The First Minister knows that MiFID has nothing to do with the kind of conduct that caused the crash or made it far worse in 2008, when I remind the First Minister, of course, we had a Labour Government, a Labour Chancellor of the Exchequer, and a Labour Prime Minister who himself wanted a light-touch regulatory system. Of course, we all learnt great lessons from that. But, regulation such as MiFID II, which requires this vast amount of information storage and retrieval, is far too great for any regulatory body to be able to use effectively. So, it's imposing a vast cost upon firms and, therefore, the public at large, which ultimately bear the cost of all business taxes, for no practical benefit to anybody at all. The result of that is to drive financial services business away from Europe altogether to places like New York, Hong Kong, Singapore and so on and so forth.

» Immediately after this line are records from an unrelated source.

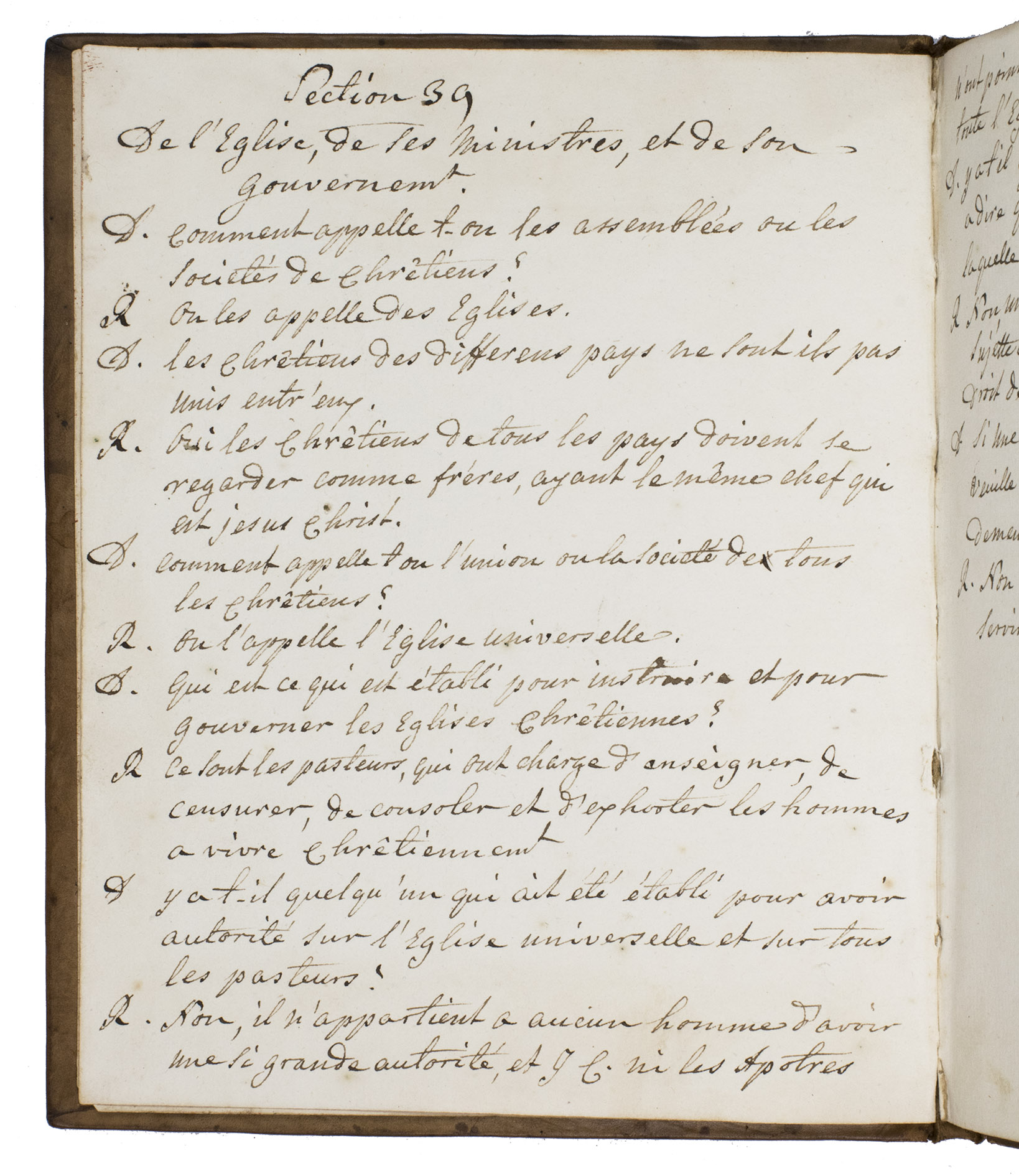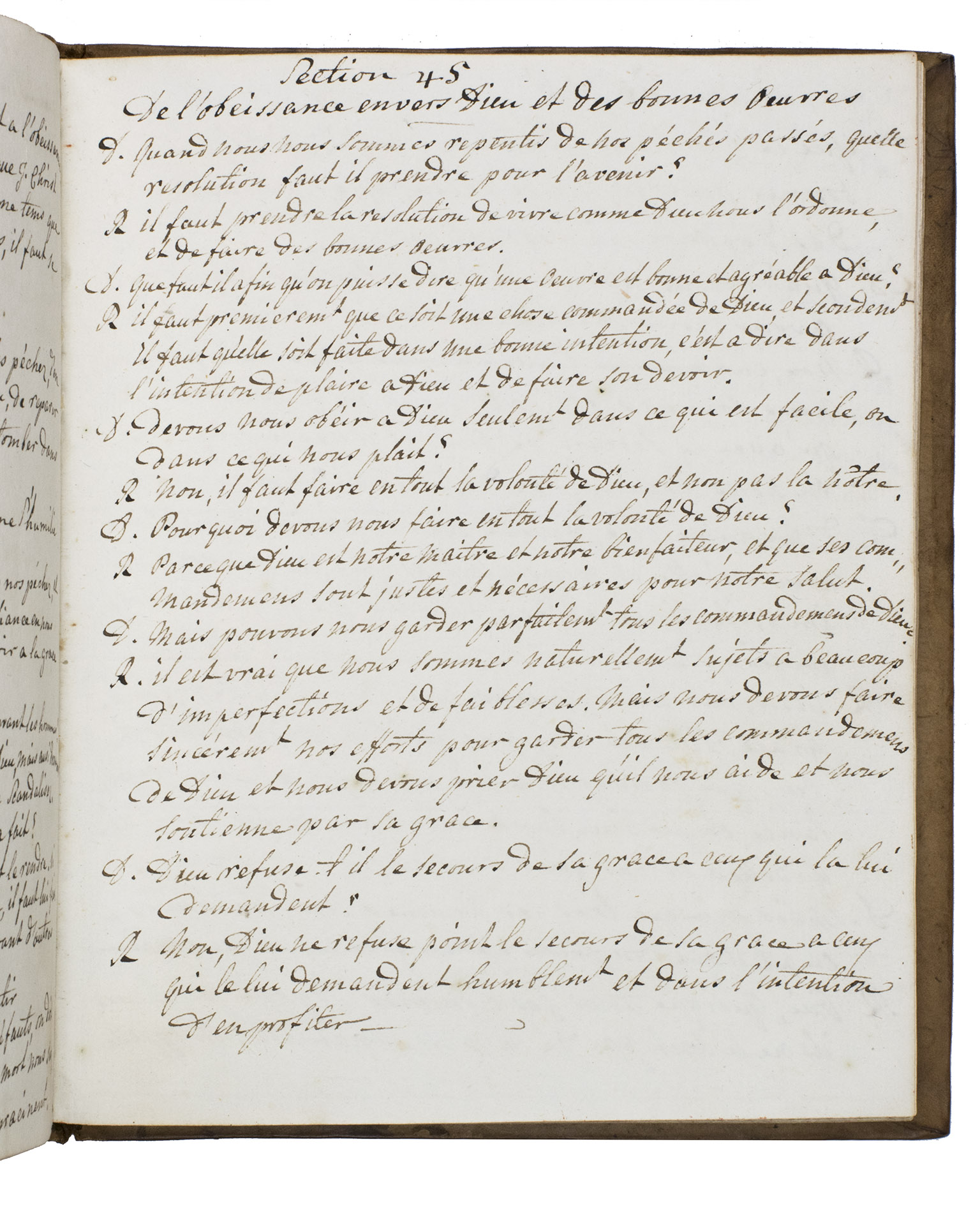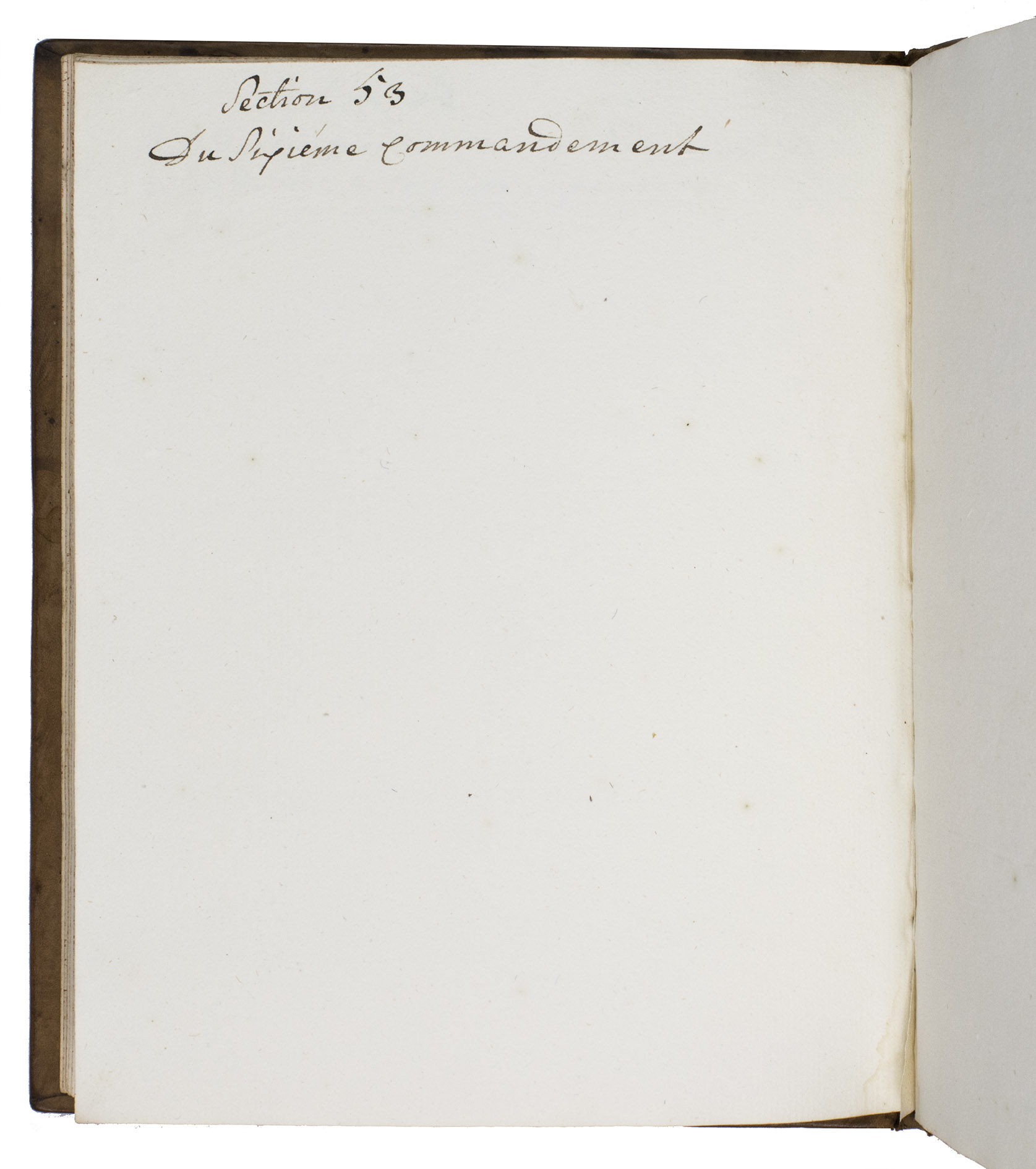 Late 18th-century manuscript copy of a French childrens catechism by the Swiss theologian Jacob Vernet (1698-1789), bound in a remarkable late 18th-century binding, originally produced for the Amsterdam Chamber of the Dutch East India Company (VOC) by the so-called Acorn-and-Foliage Tool Bindery which was active between ca. 1760 and ca. 1784 (Storm van Leeuwen).It shows the large monogram of the Amsterdam Chamber of the VOC sandwiched between the date "Anno 1780" on both boards. These bindings were usually commissioned as gifts to persons important to the VOC, often containing an almanac for the relevant year but possibly also produced as blank notebooks. The present work comprises chapters 39-49 and 58-75 of Vernet's work, which form almost the second half of printed editions. The chapters included in the present work are complete and exactly follow the order of the printed text in the Geneva 1742 edition (pp. 75-140, checked using a digital copy) with a slightly different spelling and replacing some words. For unclear reasons, chapters 50-57 (dealing with the fourth through tenth commandment) have not been copied and several leaves between the end of chapter 49 and the beginning of chapter 58 have been left blank.
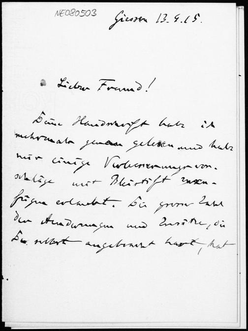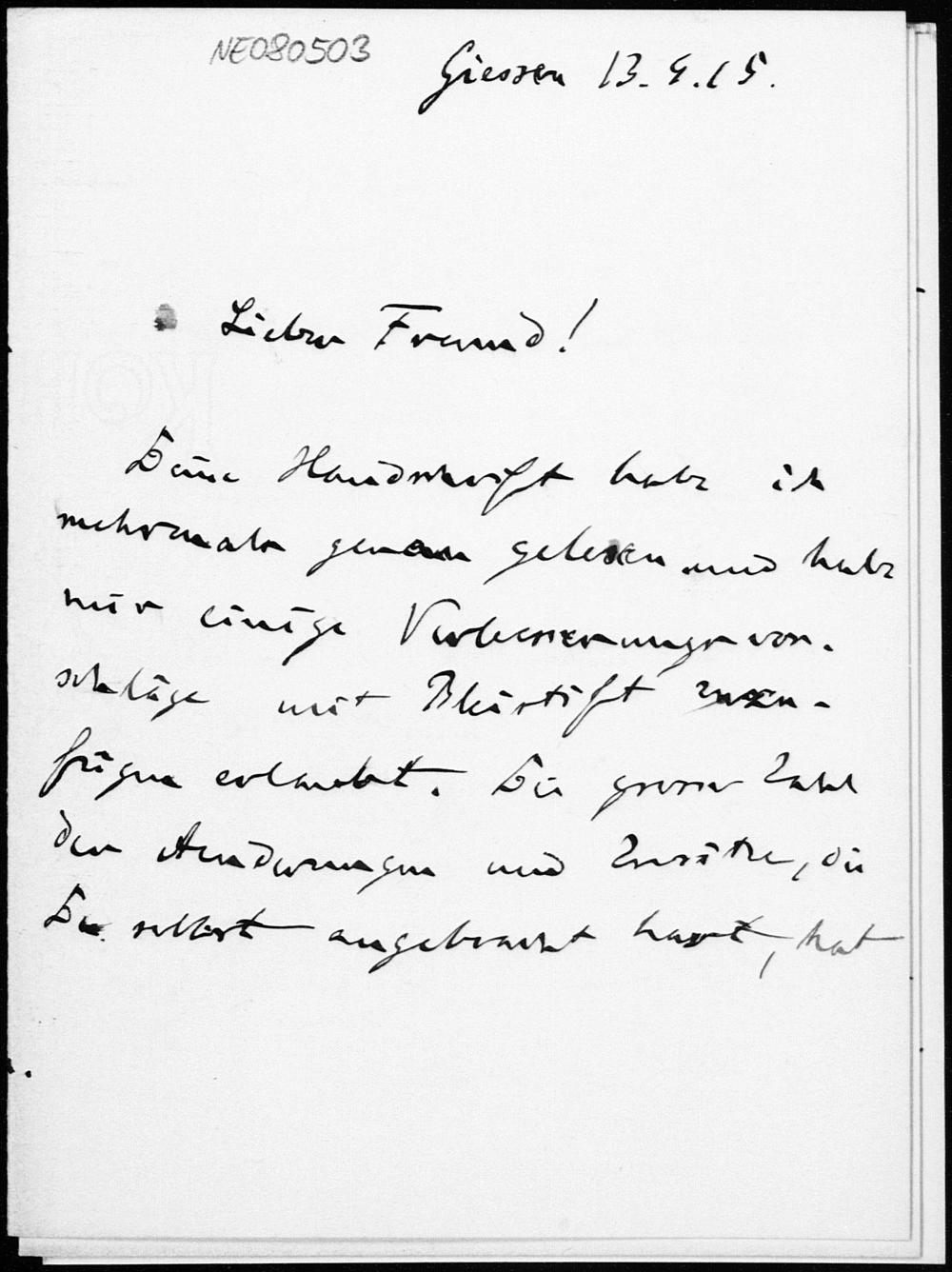 Brief von Friedrich Engel an Eduard Study vom 13.+15./16.9.1915
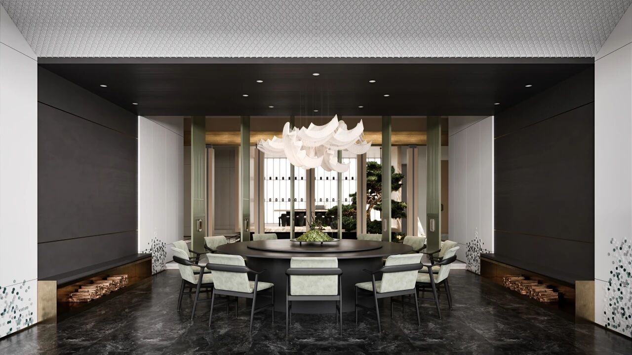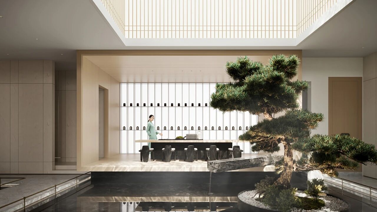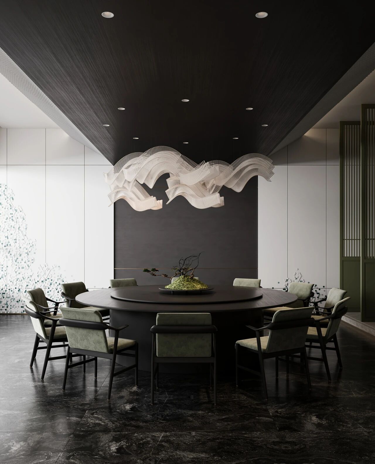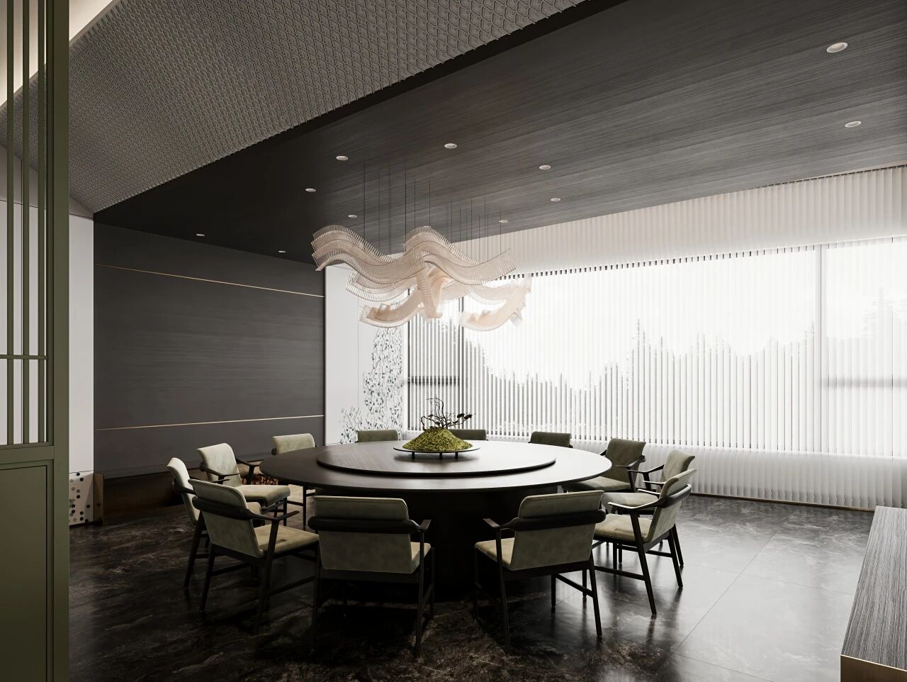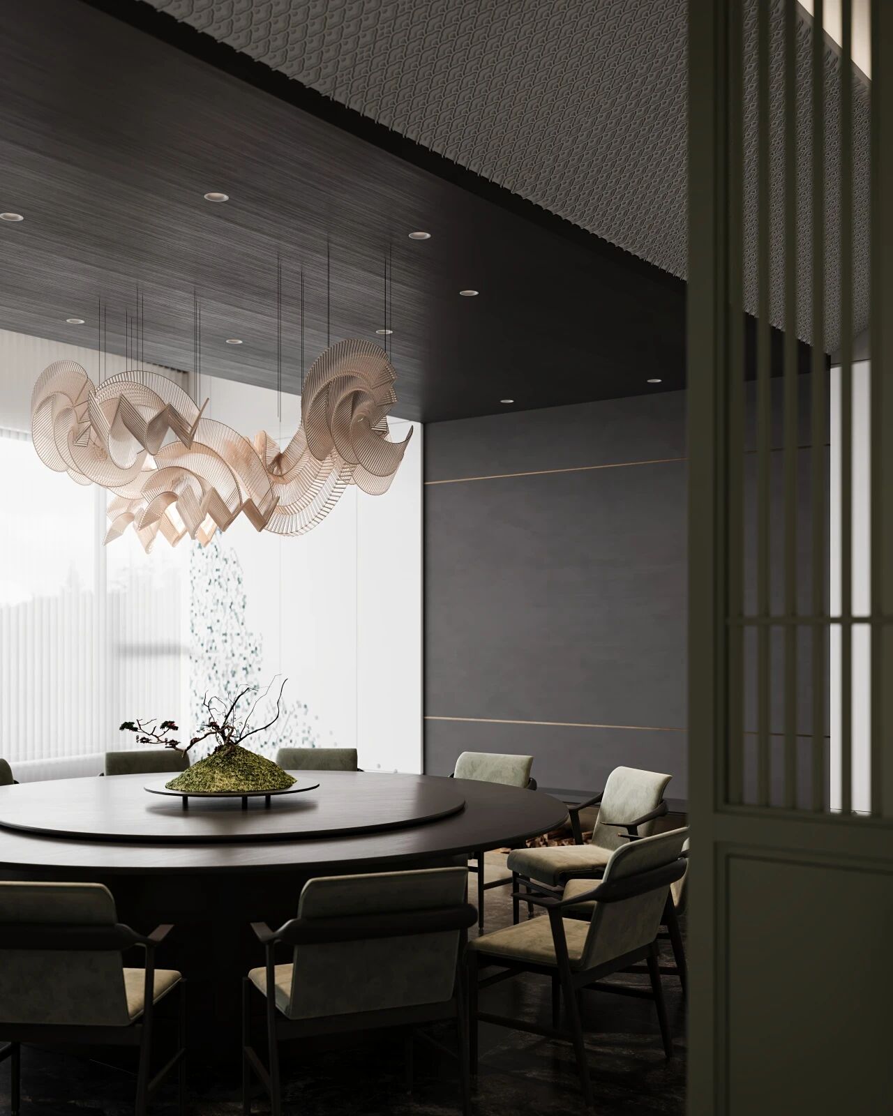 项目位于浙江宁波,为一处融合东方美学与现代功能的商业会所。设计以“办公即修行,洽谈亦赏心”为理念,将中式元素进行现代转译:接待区宫灯造型吊灯结合磨砂玻璃,营造柔和光影;洽谈区茶桌嵌入浅浮雕山水纹,搭配青瓷茶具与枯山水微景观,传递“茶禅一味”的意境;办公区则采用可调节竹编帘,兼顾隐私与通透,体现东方智慧与现代实用性的融合。
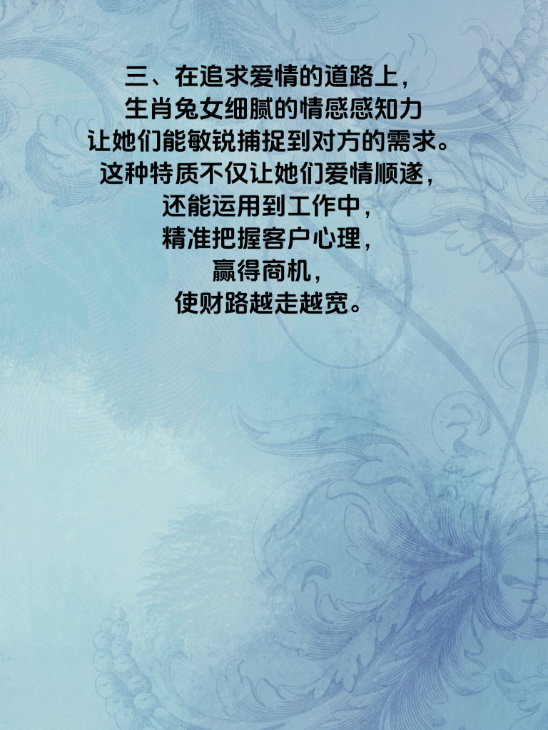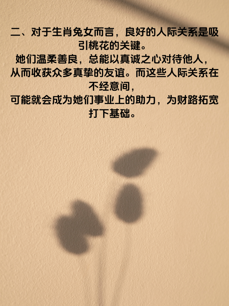 一、生肖兔女,宛如灵动的精灵,在情感与生活的舞台上散发着独特魅力。当她们的桃运旺盛之时,仿佛命运的齿轮开始朝着财富的方向转动,财路也随之渐渐开启。 二、对于生肖兔女而言,良好的人际关系是吸引桃花的关键。她们温柔善良,总能以真诚之心对待他人,从而收获众多真挚的友谊。而这些人际关系在不经意间,可能就会成为她们事业上的助力,为财路拓宽打下基础。 三、在追求爱情的道路上,生肖兔女细腻的情感感知力让她们能敏锐捕捉到对方的需求。这种特质不仅让她们爱情顺遂,还能运用到工作中,精准把握客户心理,赢得商机,使财路越走越宽。 四、她们乐观积极的心态也是桃运与财路双旺的秘诀。即便遇到困难,也能微笑面对,这份豁达吸引着身边的人,同时也为自己创造了更多机会,让财富不断汇聚。所以,生肖兔女们,尽情绽放你们的魅力,让桃运与财路一同灿烂吧。
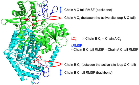 Representative structure of the ALAS2 homodimeric form observed in the molecular dynamics simulation. ∆Cij, and ∆RMSF measurement description is provided in a diagram. Red part of protein structure represents the active site loop, and blue part represents C-terminal tail (C-tail) in both protomers (Green: Chain A, Cyan: Chain B).
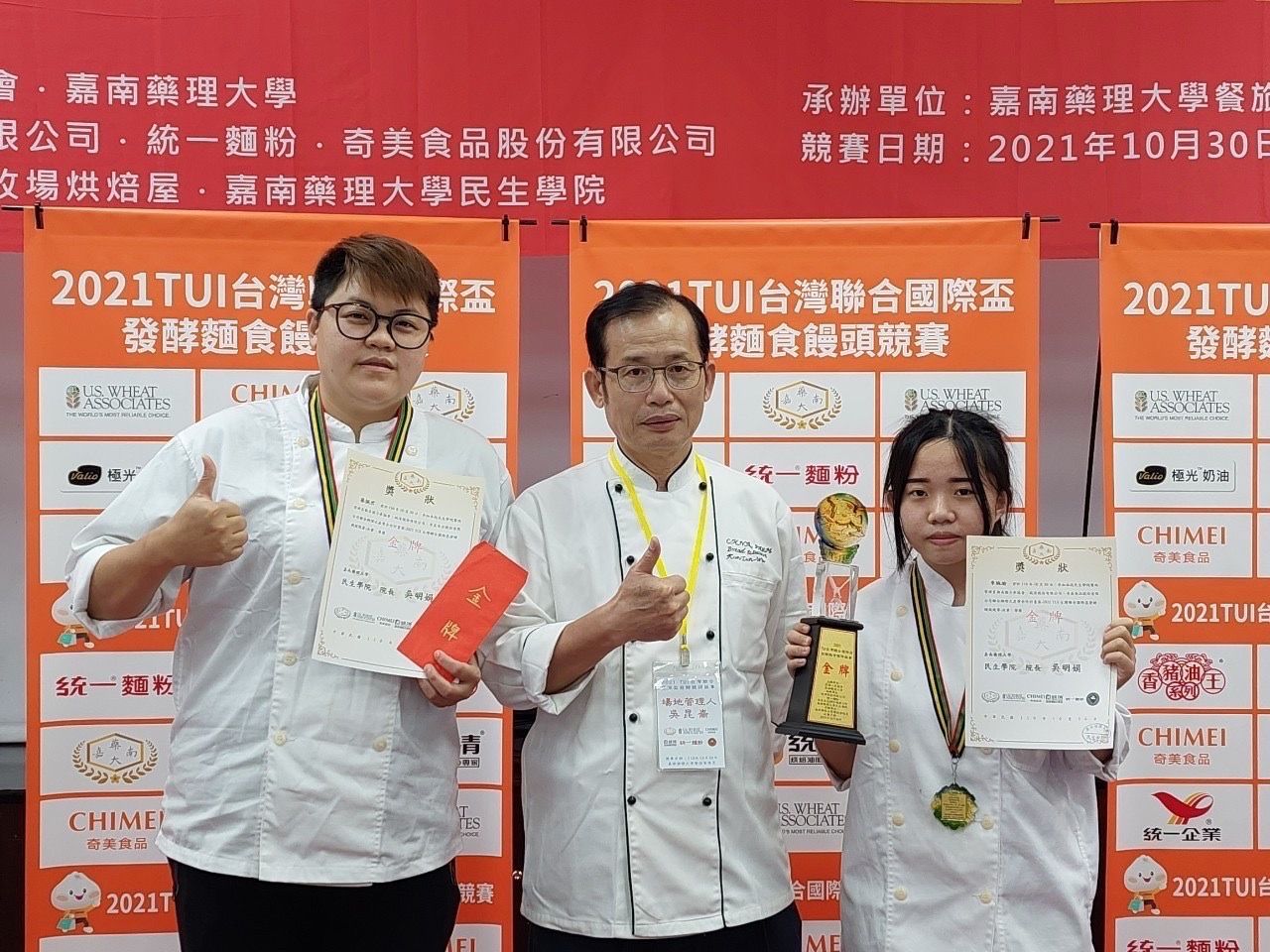 嘉南藥理大學餐旅管理系10月30日與美國小麥協會、統清股份有限公司、統一麵粉、美食品股份有限公司及愛奶客烘焙屋,聯合舉辦「2021 TUI台灣聯合國際盃發酵麵食饅頭競賽」,吸引全國大專校院、高中職校及業界各方好手同場競技,經過激烈初賽後,15隊進入總決賽,最後由嘉藥餐旅系李婉瑜及育德工家蔡佩君這對拍檔拿下金牌,以多元華麗創意為麵食創新寫下新頁。

So, for Britain, there's a great opportunity post Brexit, if we can't do a deal with the EU. And nobody ever guaranteed any kind of trade deal with the EU; nobody was able to do that. It's not in our gift to force the EU to enter into a deal with us, we just said that it was in their own self-interest, as indeed ours, to come to an agreement, but nobody can force them to do that. But if no such deal is available, then the world out there is much bigger than Europe: 85 per cent of the global economy is outside Europe. Should we not be positive about those opportunities, rather than relentlessly negative and saying that the future lies in what is a contracting part of the world economy?